Rebecca Sommer is a German-born filmmaker and activist whose documentary film "Hunted Like Animals" included footage captured by Hmong refugees targeted by the Lao government and fleeing through the jungles, some on their way to Thai refugee camps. Sommer has worked with the United Nations on Hmong refugee issues for years.

She said it has been clear for some time that the Thai government planned to send refugees back, but that officials had repeatedly made assurances that those known to be veterans of the Secret War would not be deported. Those veterans, who fought alongside Americans in a CIA-backed effort against the communist regime in Laos, are thought to be at particular risk from the Lao government.
Sommer, a representative for the Society for Threatened Peoples International, a human rights organization with consultative status to the United Nations, said she personally received those assurances from Thai government officials.

"They always promised that they would not send these people back," she said. "They said, 'We know there are people who cannot be sent back. ... We assure you, we assure you, we assure you.'"
Those assurances turned out to be false.

Today, Hmong families across north central Wisconsin and the United States with ties to those in the refugee camps are struggling to hear any news from their families about where they will end up and whether they will be safe. Vang, of the Lao Hmong Human Rights Council, said he has heard that the 4,000 repatriated refugees were being split into two groups.
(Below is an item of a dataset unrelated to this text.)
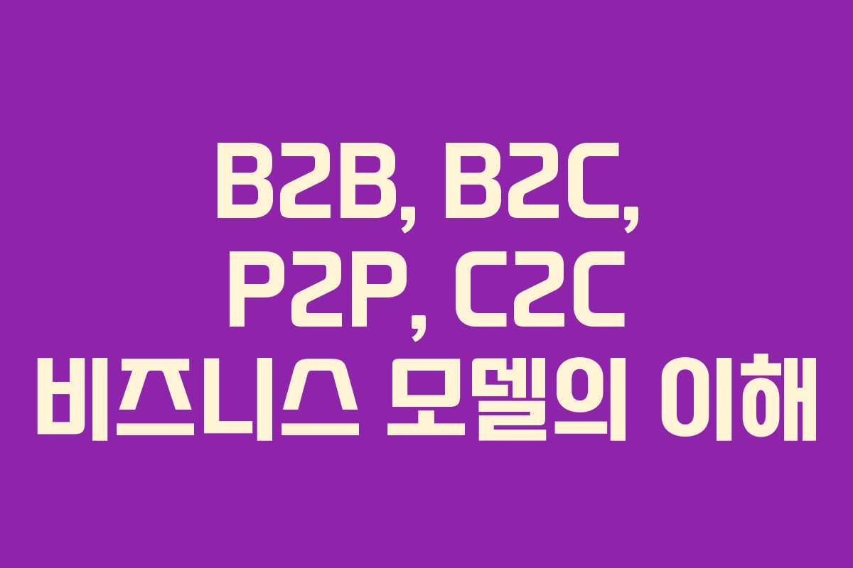 현대 비즈니스 환경에서 자주 언급되는 용어인 B2B, B2C, P2P, C2C는 각각 기업 간, 기업과 소비자 간, 개인 간의 거래를 나타냅니다. 이러한 비즈니스 모델은 기업이 어떻게 가치를 창출하고 전달하는지를 설명하는 중요한 개념입니다.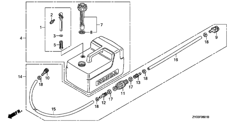 | 14 | 17700-ZW9-020 | Трубка для подключения топливного бака, в сборе (Tube assy., fuel) | под заказ | 14840 руб. | |

Those who have relatives in Laos will be placed with their families, while others will be placed in a new camp.

Sommer said she has heard reports from more than one source of Hmong refugees in Laos being tortured, forced to work and kept in a cell with standing water up to the knees, unable to lie down or to sleep.

U.S. senators from Wisconsin and Minnesota, Russ Feingold, Al Franken, Herb Kohl and Amy Klobuchar, released a joint statement in December condemning the repatriation and calling for the Lao government to "allow immediate and ongoing monitoring by international observers at all stages of the resettlement and reintegration process."

At this point, activists say such monitoring might be the best remaining hope for those concerned about the safety of the refugees. Sommer said she would make a call, with "a very loud scream," for the Lao government to allow observers into the camp.

"Not this high-level so-called NGO (non-governmental organization)" that could be subject to official manipulation, she said. "We want to go in. My organization specifically, we demand to be let in. ... We want access together with the Hmong delegation. They all have to have the right to come and see their relatives -- with no Lao military breathing down their necks."